Permissions on Android
According to Android Developers, “the purpose of a permission is to protect the privacy of an Android user.” We come across all these permissions in two ways:
- Runtime requests. For devices running Android Marshmallow (6.0/API level 23) or higher and apps that target that same API level, you’re presented the permissions request when you first open the app.
- Install-time requests. For devices running Android Lollipop (5.1.1/API level 22) or lower, or the app’s API level is 22 or lower on any Android version, you’re presented the permissions request before installing the app on the Play Store.
Additionally, permissions requests give you the option to enable apps to work the way they’re supposed to work. Here are all the permissions listed in my OnePlus 6, organized in a way that shows what kind of apps pertain to those permissions.

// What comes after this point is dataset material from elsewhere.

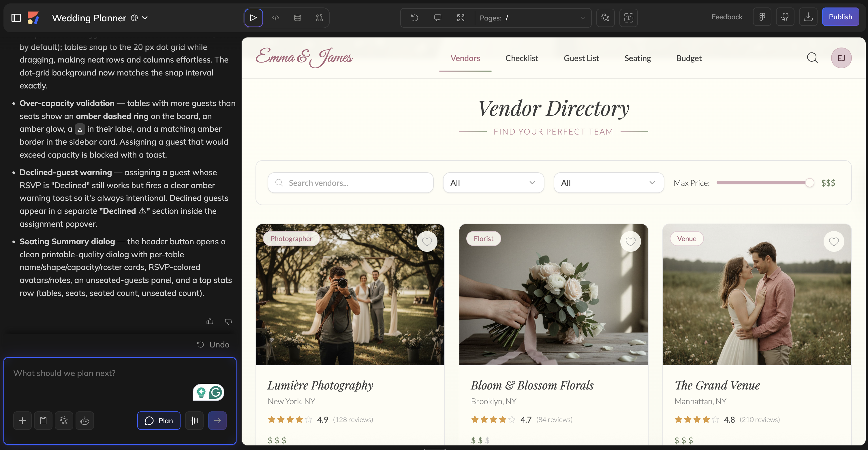 - Refactoring or restructuring your app: Your app has expanded, and its structure requires reorganizing components, merging duplicate sections, or enhancing the page hierarchy. Plan Mode assists you in visualizing what needs to move where before making changes, so you avoid breaking things along the way.
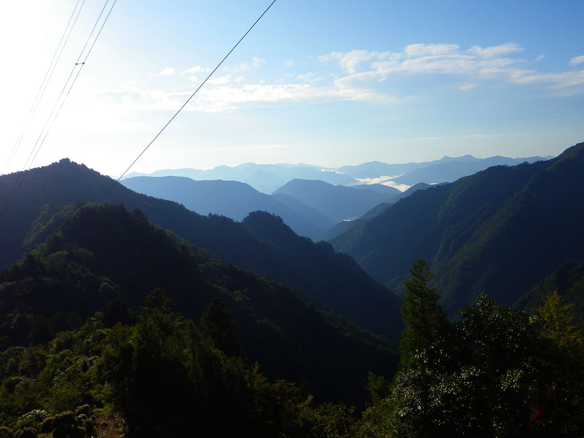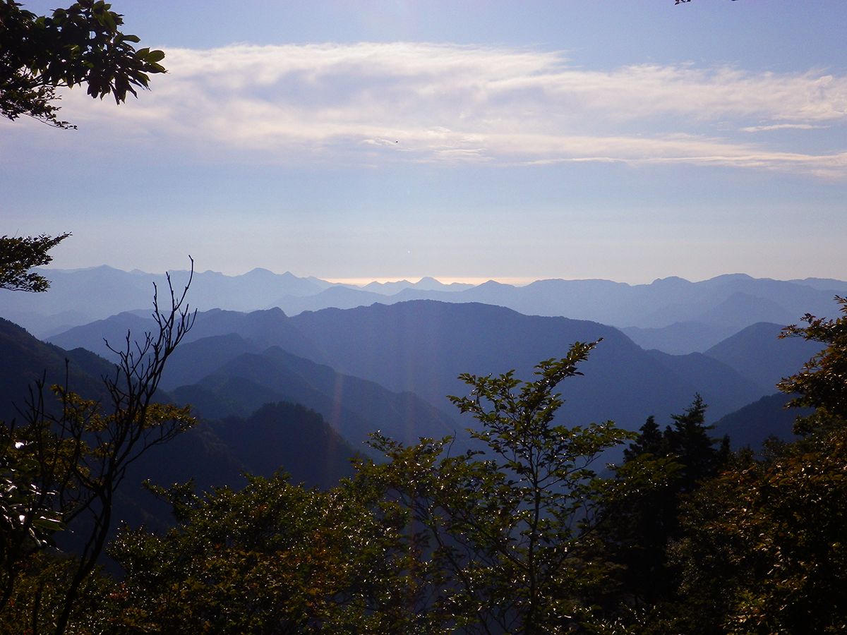 鉄塔から北側の展望が望めた。大峰の山なんだろうけど何の山が見えてるのかわからない

|Body Sensor||Helps “Smart Lock” function correctly, implemented in the “rise to wake” feature.|
|Calendar||Reads anything that’s in your calendar app to display information (meetings, birthdays, etc.) in apps/widgets such as “At a Glance”|
|Call Logs||Displays your call logs from apps like Google Duo or the Phone app itself|
|Contacts||Reads your contacts to display information such as predictions in keyboard apps (Swiftkey, Gboard, etc.)|
|Phone||Reads your phone state, wakes up your phone when you get a call, pauses music when you get a call, etc.|
|SMS||Reads your text messages to keep the messages in third=party texting apps like Textra, can provide keyboard predictions|
|Camera*||Accesses your camera to take pictures, record videos|
|Microphone*||To listen in when recording a voice note, video, or using Shazam|
|Storage||Reads your storage to be able to save files (pictures, videos, etc.)|
|Location*||Uses your GPS to track your location for services like Uber or Instagram stickers|
|Car Information||Android Auto|
The permissions on your list can be different from mine depending on the Android Version and phone you have, but it should be easy to know, based on the symbol.
* These three permissions are the ones that are brought up the most in terms of privacy. Some apps access these permissions without the user’s knowledge, let alone having any justifiable reason to access these permissions when the app has no need (like a music player wanting to access your location).